Figure 1 shows the ScreenAI model architecture. The researchers were inspired by the architecture of the PaLI family of models, which consists of a multimodal encoder block.

The encoder block contains a ViT-like visual encoder and an mT5 language encoder consuming image and text input, followed by an autoregressive decoder.

The input image is converted by the visual encoder into a series of embeddings, which are combined with the input text embedding and fed into the mT5 language encoder.

The output of the encoder is passed to the decoder, which produces text output.

This generalized formulation can use the same model architecture to solve various visual and multi-modal tasks.
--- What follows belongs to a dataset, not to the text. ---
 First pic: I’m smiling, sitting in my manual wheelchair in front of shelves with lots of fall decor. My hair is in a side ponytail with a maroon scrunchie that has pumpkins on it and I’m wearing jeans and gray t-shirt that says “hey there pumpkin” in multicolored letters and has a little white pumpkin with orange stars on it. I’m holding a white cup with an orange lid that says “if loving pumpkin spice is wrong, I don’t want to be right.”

These tasks can be reformulated as text-image (input) to text (output) problems.

Compared to text input, image embeddings form a significant part of the input length to multi-modal encoders.

In short, this model uses an image encoder and a language encoder to extract image and text features, fuse the two and then input them into the decoder to generate text.
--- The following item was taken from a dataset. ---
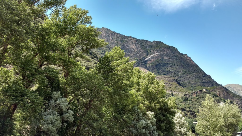 Onze camper trekt de Pyreneeën in. Hoge bergen omringen ons pad maar gunnen hem wel ruimte. Wat opvalt, is dat het erg groen is. Donkere wolken boven ons vertellen hoe dat komt. Via leuke bergweggetjes steken we het gebergte over. We worden vergezeld door talloze motoren voor wie dit terrein een leuk speelhof is. Doel van vandaag is Andorra.

This construction method can be widely applied to multi-modal tasks such as image understanding.

In addition, the researchers further extended PaLI’s encoder-decoder architecture to accept various image blocking modes.

The original PaLI architecture only accepts image patches in a fixed grid pattern to process input images. However, researchers in the screen-related field encounter data that spans a wide variety of resolutions and aspect ratios.

In order for a single model to adapt to all screen shapes, it is necessary to use a tiling strategy that works for images of various shapes.

To this end, the Google team borrowed a technology introduced in Pix2Struct, which allows the generation of arbitrary grid-shaped image blocks based on the input image shape and a predefined maximum number of blocks, such as As shown in Figure 1.

This is able to adapt to input images of various formats and aspect ratios without padding or stretching the image to fix its shape, making the model more versatile and able to handle movement simultaneously Image formats for device (i.e. portrait) and desktop (i.e. landscape).

Model configuration

The researchers trained 3 models of different sizes, containing 670M, 2B and 5B parameters.

For the 670M and 2B parameter models, the researchers started with pre-trained unimodal checkpoints for the visual encoder and encoder-decoder language model.

For the 5B parameter model, start from the multi-modal pre-training checkpoint of PaLI-3, where ViT is trained with a UL2-based encoder-decoder language model.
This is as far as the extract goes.